Suzuki Ignis – Kraxel-Knirps

Suzuki Ignis – Kraxel-Knirps

Anfang 2017 bringt Suzuki den Ignis zurück in den deutschen Automarkt. Wie einst der bis 2007 gebaute Ignis, handelt es sich auch bei der Neuauflage um einen kastigen Stadtfloh. Allerdings kommt der neue mit einer SUV-artigen Aura daher.

Der nur rund 3,70 Meter lange Fünftürer mit besonders kurzen Karosserieüberhängen bewegt sich größentechnisch unterhalb des Formats der derzeit boomenden Mini-SUVs und könnte insofern als Begründer eines neuen Segments der Micro-SUV gesehen werden. Trotz seiner bescheidenen Länge verspricht Suzuki einen variablen und alltagstauglichen Innenraum, der bis zu 5 Personen und bis zu 267 Liter Gepäck im Heck aufnehmen kann.

Obwohl ein Kleinstwagen, ist der Arbeitsplatz mit allerlei Annehmlichkeiten gerüstet.
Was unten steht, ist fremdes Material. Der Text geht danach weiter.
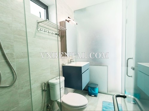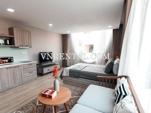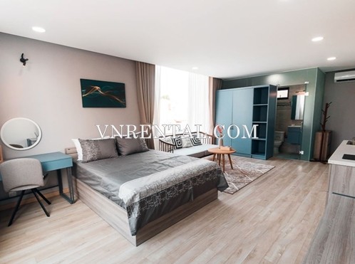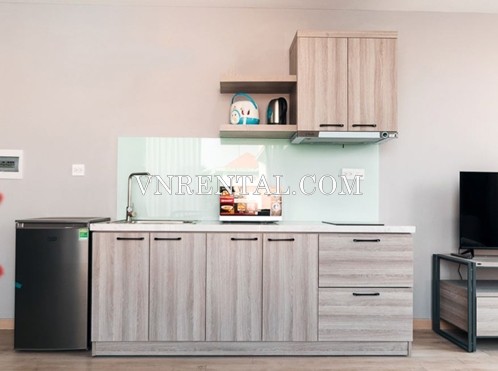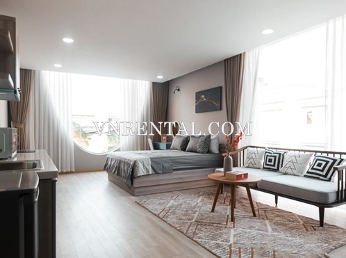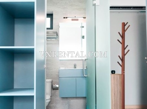 This 34 sqm studio for rent located near Phan Dang Luu street, Binh Thanh district, HCMC, with spacious and airy room. The studio for rent has been designed with two colors of light gray – light blue make the place more spacious and luxury. The couch with smooth seat cushion is placed close to the window to create a relaxing corner to look at the surrounding fig is quite ideal. The kitchen has been prepared beaitifully with all necessary equipments for cooking nice meals.

So gibt es unter anderem eine Klimaautomatik und einen großen Touchscreen für das Infotainment-System, das zudem über alle gängigen Konnektivitäts-Standards zur Anbindung von Smartphones verfügt. Auch sicherheitstechnisch ist der kleine Japaner ganz modern: Eine Stereokamera ermöglicht Funktionen wie den Notbremsassistenten mit Fußgänger-Erkennung oder einen Spurverlassenswarner.
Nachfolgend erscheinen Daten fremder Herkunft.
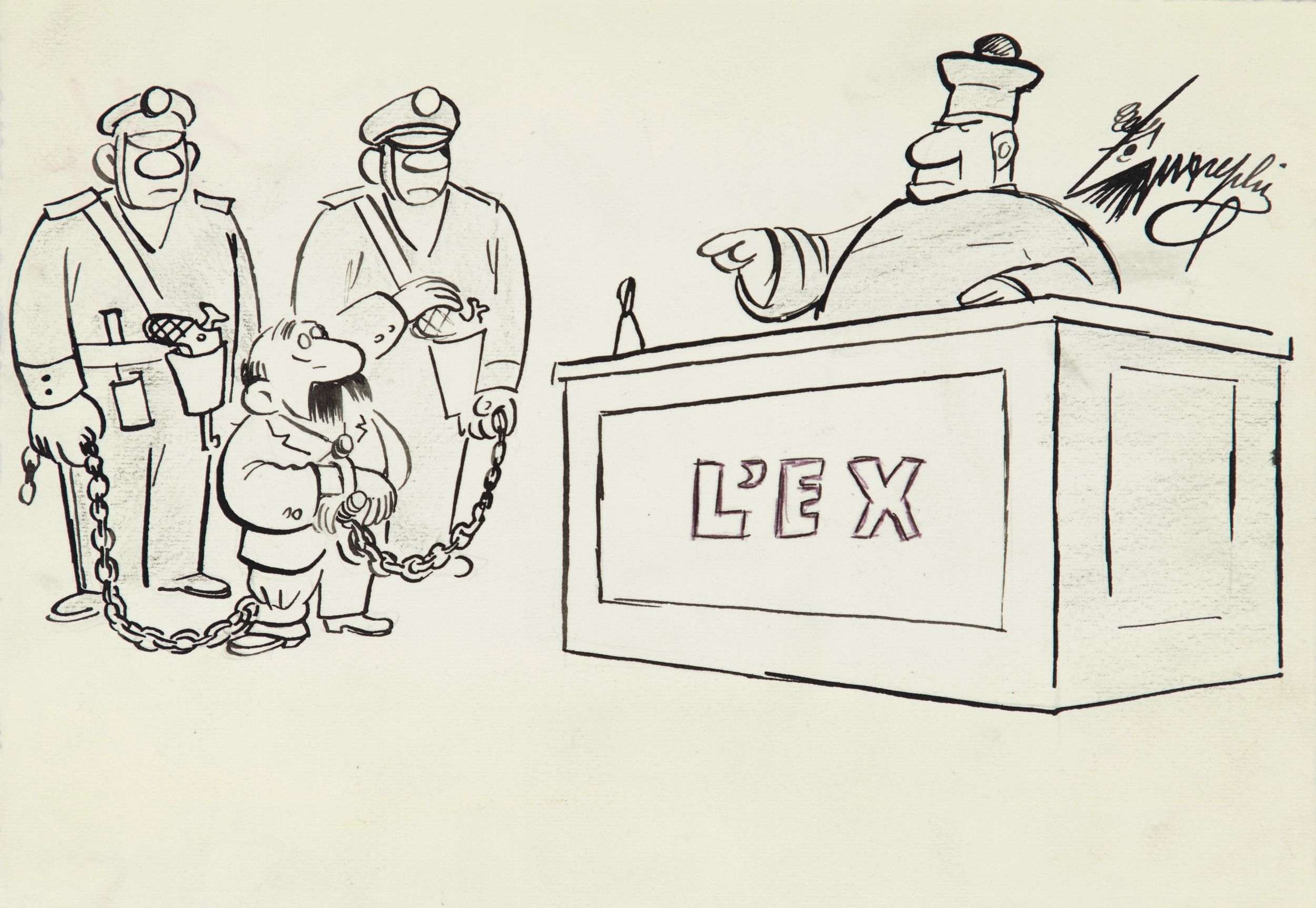 1964 Illustrazione originale realizzata da Guareschi e pubblicata sulle pagine del quotidiano La Notte il 3 Settembre 1964. > Firmata al fronte e datata al retro.

Einzig verfügbarer Motor ist ein 1,2-Liter-Benziner, der 66 kW/90 PS und 120 Newtonmeter Drehmoment leistet. Wahlweise ist der Vierzylinder mit Fünfgang-Schaltgetriebe oder mit automatisiertem Schaltgetriebe kombinierbar und mit Front- oder Allradantrieb erhältlich. Der Verbrauch der Frontantriebsversion soll bei 4,6 Litern liegen, mit Allradantrieb steigt der Spritkonsum um 0,4 Liter. Zusätzlich wird Suzuki eine Mildhybrid-Variante anbieten, die dank eines integrierten Startergenerators per Rekuperation den Verbrauch auf 4,3 Liter senken kann.